▸ **Exercise directions**
The listing, minus its pictures, is to be given again exactly.

▸ **Exercise data**

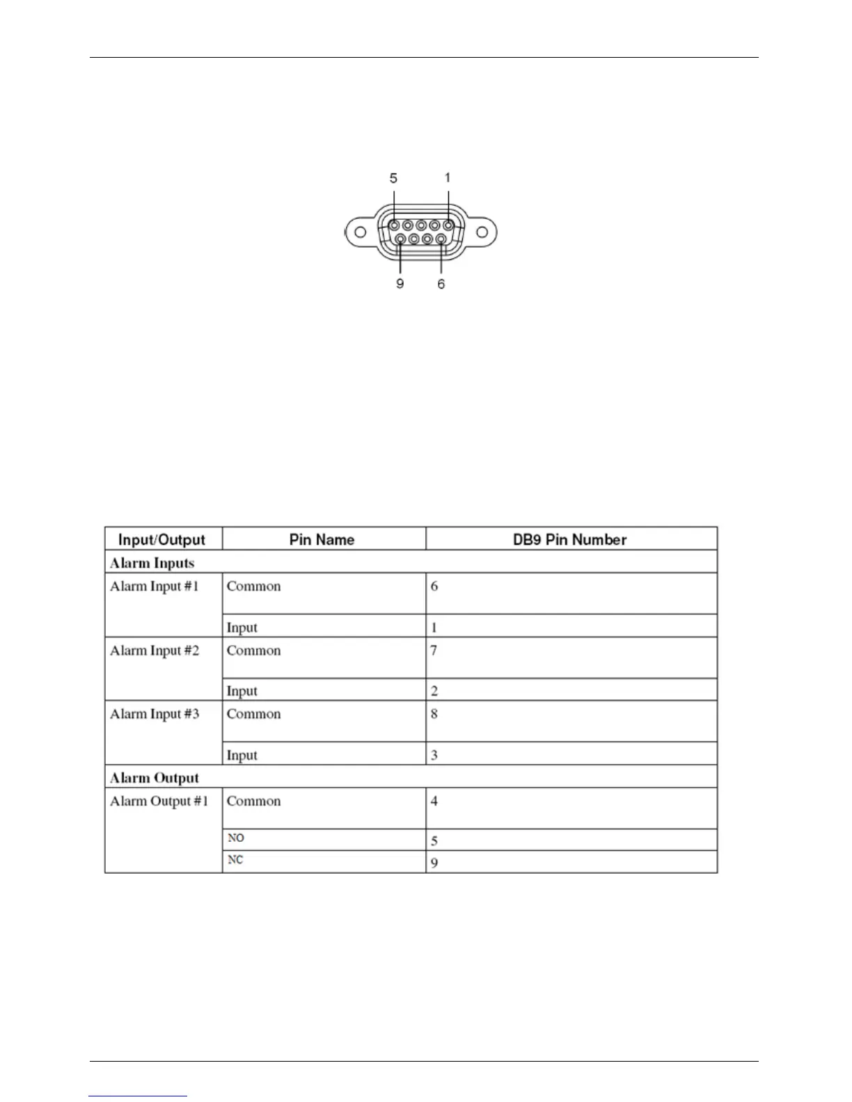 Alarm pin assignments are provided on the following table:
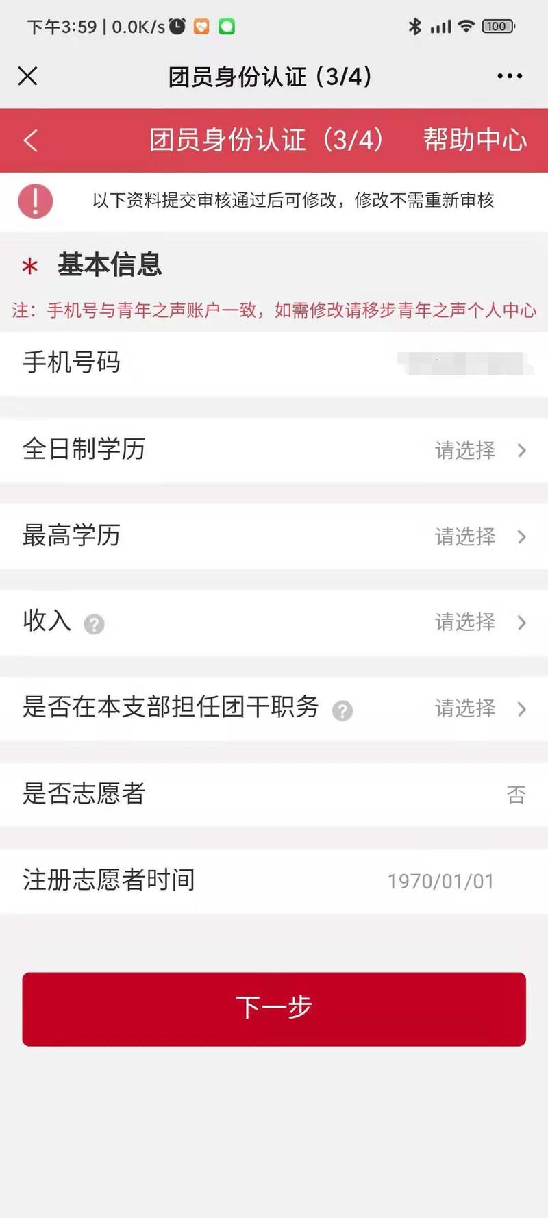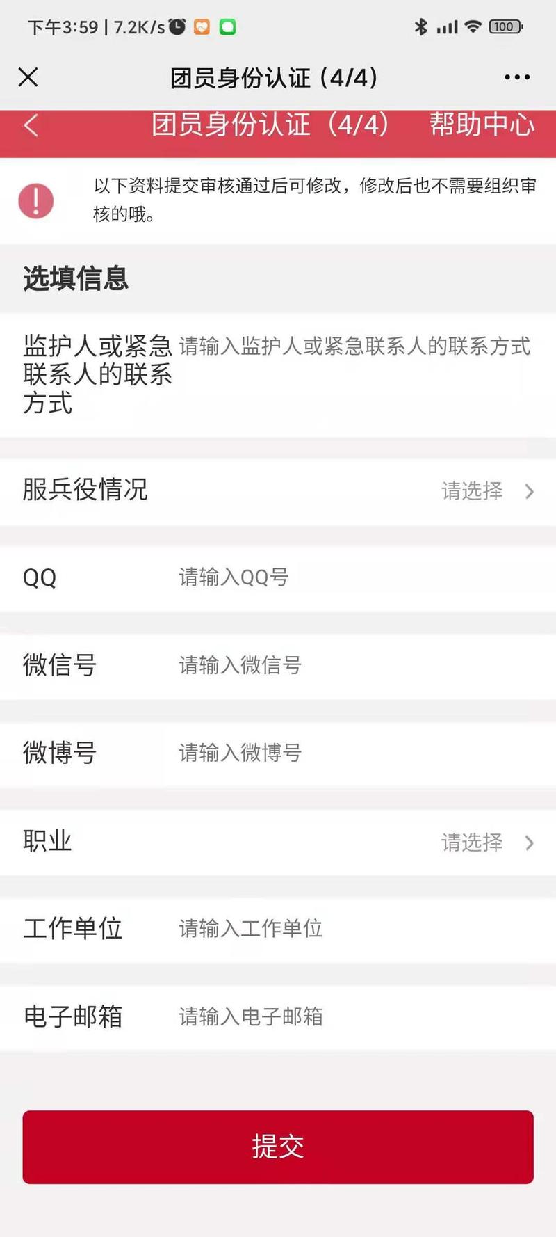 (2)根据系统流程据实填写个人信息,点击“提交”,等待转入团组织审核。
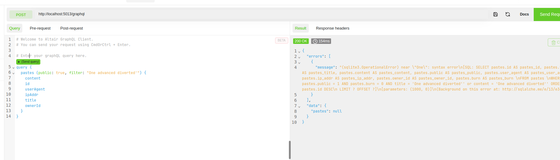 pastes(public: true, filter: "One advanced diverted' OR 1=1--") {
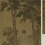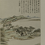 万历四十八年(1620) 纸本 设色 刘靖基捐赠 此册作于庚申年(1620),作者时年六十六岁。 此册曾被庞元济收藏。庞元济(1864-1949),字莱臣,号虚斋,浙江南浔人。为海上首屈一指的藏家,其藏品丰富程度几乎无人能出其右。此册吴湖帆寓目数次,给予很高评价,如在吴氏题董其昌《画禅室小景图》册指出,“七月初六日获见《秋兴八景》册于庞氏(庞莱臣),为大册中至精者”。
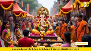 கோவை மாநகரில் விநாயகர் சதுர்த்தி ஊர்வலங்களில் மக்கள் பயணம் செய்ய தடை விதிக்கப்பட்டுள்ள லாரிகள், டெம்போக்கள் மற்றும் வேன்கள் போன்ற பொது சரக்கு வாகனங்கள் பயன்படுத்தப்பட்டு வருகிறது.
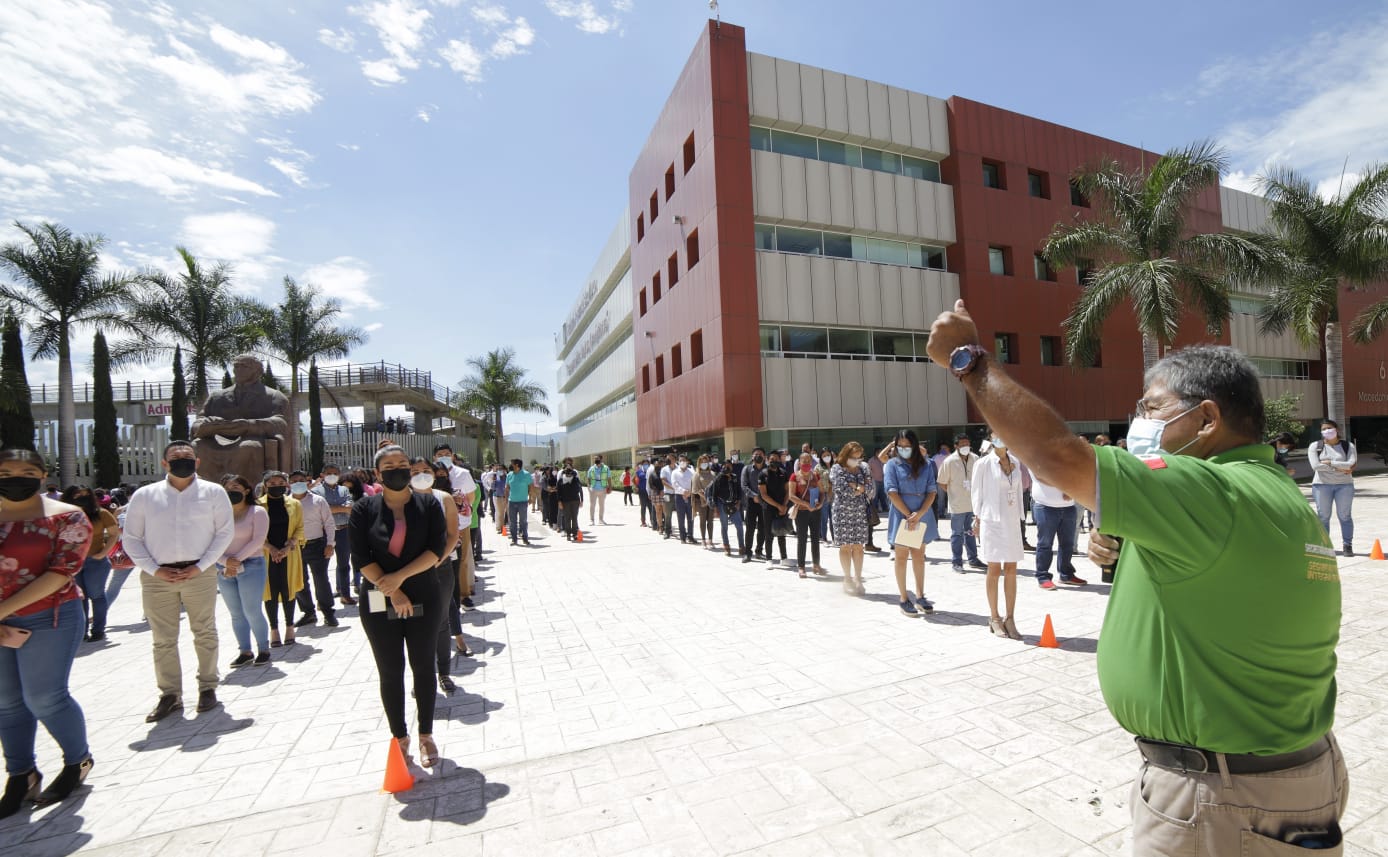 Tlalixtac de Cabrera, Oax., 21 de junio de 2021.- Los complejos de Ciudad Administrativa, Ciudad Judicial, Palacio de Gobierno, el Archivo General del Estado de Oaxaca (AGEO) y la Oficina de Pensiones tuvieron una gran participación en el Primer Simulacro Nacional 2021, realizado este lunes por convocatoria de la Coordinación Nacional de Protección Civil, en el que participaron instituciones de los tres órdenes de gobierno, así como la iniciativa privada y sociedad, con el propósito de fortalecer la cultura de la protección civil en beneficio de las y los ciudadanos oaxaqueños.

▸ **Answer to this task**
 Alarm pin assignments are provided on the following table:
 (2)根据系统流程据实填写个人信息,点击“提交”,等待转入团组织审核。
 pastes(public: true, filter: "One advanced diverted' OR 1=1--") {
 万历四十八年(1620) 纸本 设色 刘靖基捐赠 此册作于庚申年(1620),作者时年六十六岁。 此册曾被庞元济收藏。庞元济(1864-1949),字莱臣,号虚斋,浙江南浔人。为海上首屈一指的藏家,其藏品丰富程度几乎无人能出其右。此册吴湖帆寓目数次,给予很高评价,如在吴氏题董其昌《画禅室小景图》册指出,“七月初六日获见《秋兴八景》册于庞氏(庞莱臣),为大册中至精者”。
 கோவை மாநகரில் விநாயகர் சதுர்த்தி ஊர்வலங்களில் மக்கள் பயணம் செய்ய தடை விதிக்கப்பட்டுள்ள லாரிகள், டெம்போக்கள் மற்றும் வேன்கள் போன்ற பொது சரக்கு வாகனங்கள் பயன்படுத்தப்பட்டு வருகிறது.
 Tlalixtac de Cabrera, Oax., 21 de junio de 2021.- Los complejos de Ciudad Administrativa, Ciudad Judicial, Palacio de Gobierno, el Archivo General del Estado de Oaxaca (AGEO) y la Oficina de Pensiones tuvieron una gran participación en el Primer Simulacro Nacional 2021, realizado este lunes por convocatoria de la Coordinación Nacional de Protección Civil, en el que participaron instituciones de los tres órdenes de gobierno, así como la iniciativa privada y sociedad, con el propósito de fortalecer la cultura de la protección civil en beneficio de las y los ciudadanos oaxaqueños.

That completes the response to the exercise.